Annabel rozó el brandy con los labios. Bebiendo a las diez y media de la mañana. ¿Qué diría su madre?

Su abuela meneó la cabeza.

– Serás burra. ¿En qué estabas pensando?

Annabel esperaba que fuera una pregunta retórica.

– Bueno, supongo que no lo hiciste con mala intención. -Lady Vickers se terminó la copa y se sentó en su sillón preferido-. Tienes suerte de que tu abuelo sea tan buen amigo del conde. Todavía podremos salvar el matrimonio.

Annabel asintió sumisa, deseando…

Deseando…

Sólo deseando. Lo que fuera. Algo bueno.

– Gracias a Dios que Judkins ha tenido el acierto de avisarme de todas las visitas que has tenido -continuó su abuela-. Te digo una cosa, Annabel, da igual el tipo de marido que tengas, pero un buen mayordomo vale su peso en oro.

A Annabel no se le ocurrió ninguna respuesta.

Su abuela dio otro sorbo.

– Judkins me ha dicho que Rebecca y Winifred han estado aquí.

Annabel asintió, dando por sentado que se refería a lady Westfield y lady Challis.

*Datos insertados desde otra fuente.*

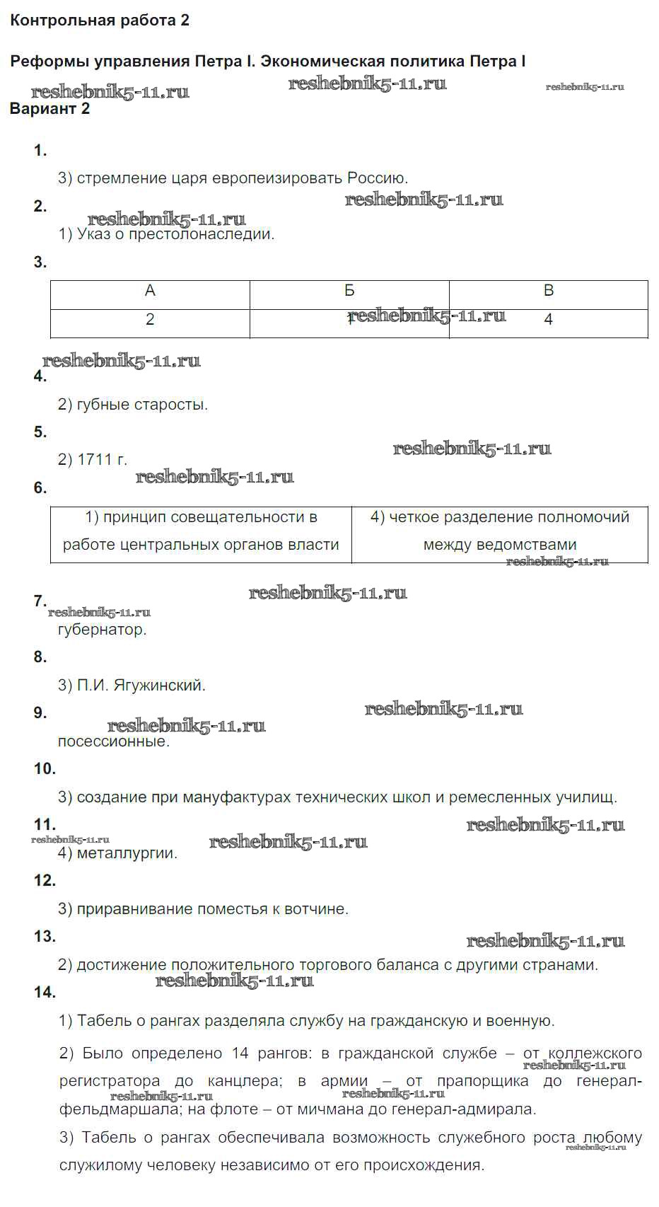 Готовая домашняя работа с ответами по Истории за 8 класс Соловьев Контрольные работы УМК Экзамен 2019 ФГОС - КР-2. Варианты 2

– Nos van a inundar. A inundar. -Se volvió hacia Annabel con los ojos entrecerrados-. Espero que estés preparada.

Annabel notó cómo algo desesperado se apoderaba de su estómago.

– ¿No podemos decir que no estamos en casa?

Lady Vickers se rió.

– No, no podemos decir que no estamos en casa. Te has metido en este lío tú solita, y lo afrontarás como una dama: con la cabeza alta, recibiendo a todas las visitas y recordando todas y cada una de sus palabras para diseccionarlas y analizarlas luego.

Annabel se sentó, y se levantó cuando entró Judkins anunciando la siguiente visita.

– Será mejor que te termines el brandy -le dijo su abuela-. Lo vas a necesitar.

CAPÍTULO 12

Tres días después…

Si no haces algo para reparar el daño que has causado, no volveré a hablarte en la vida.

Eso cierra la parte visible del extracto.